Provided material:
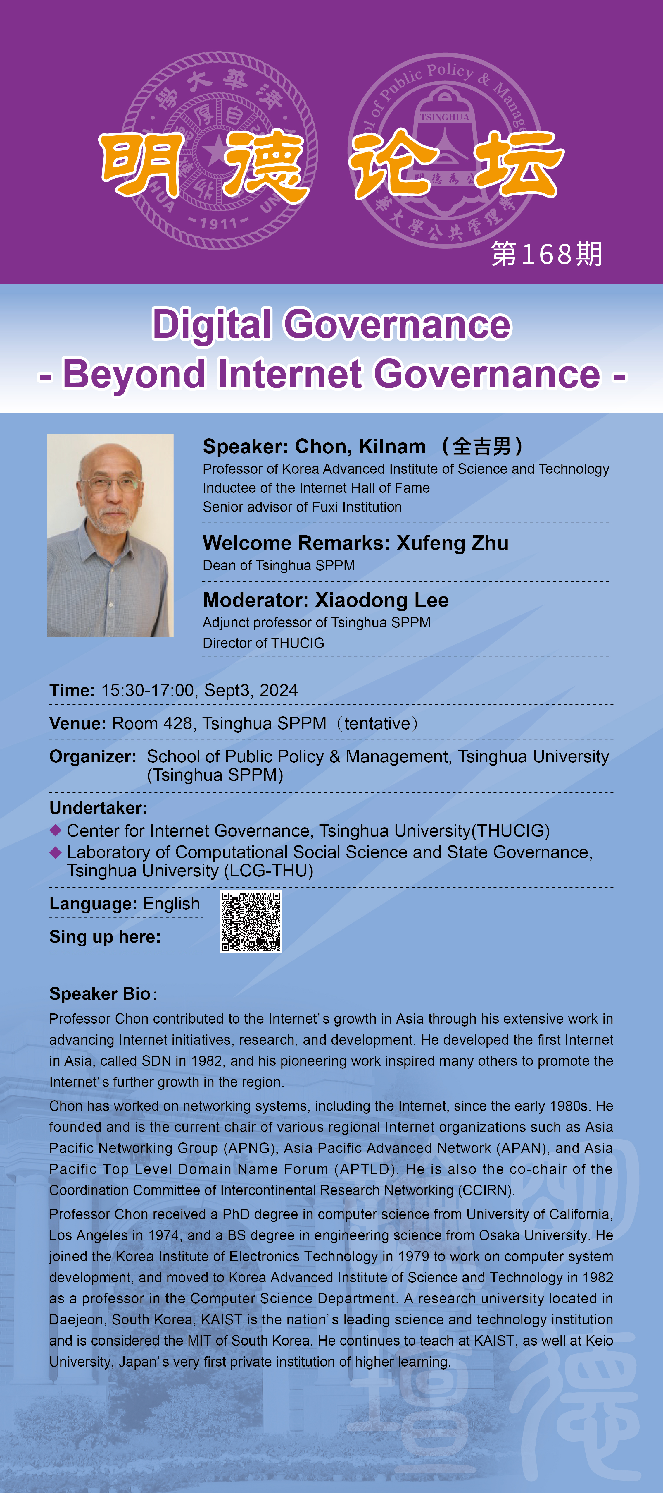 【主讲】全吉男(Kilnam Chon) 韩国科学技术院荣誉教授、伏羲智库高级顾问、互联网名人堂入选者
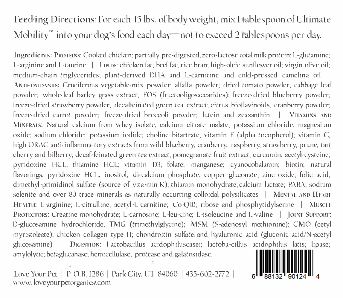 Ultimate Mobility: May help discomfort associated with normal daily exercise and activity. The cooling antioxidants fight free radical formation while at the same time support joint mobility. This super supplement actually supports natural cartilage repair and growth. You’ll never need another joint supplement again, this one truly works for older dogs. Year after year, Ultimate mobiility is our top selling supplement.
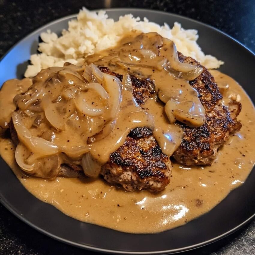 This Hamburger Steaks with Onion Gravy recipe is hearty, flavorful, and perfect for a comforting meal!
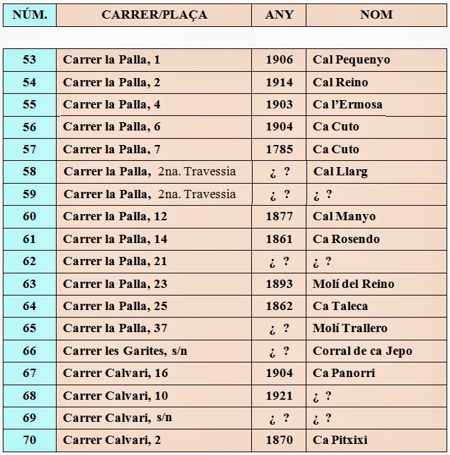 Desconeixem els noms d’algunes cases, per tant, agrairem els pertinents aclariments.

Task requirements:
Every line from the one with "This Hamburger Steaks" through the last line of the data must be copied exactly. Leave the pictures out.

Answer area:
 This Hamburger Steaks with Onion Gravy recipe is hearty, flavorful, and perfect for a comforting meal!
 Desconeixem els noms d’algunes cases, per tant, agrairem els pertinents aclariments.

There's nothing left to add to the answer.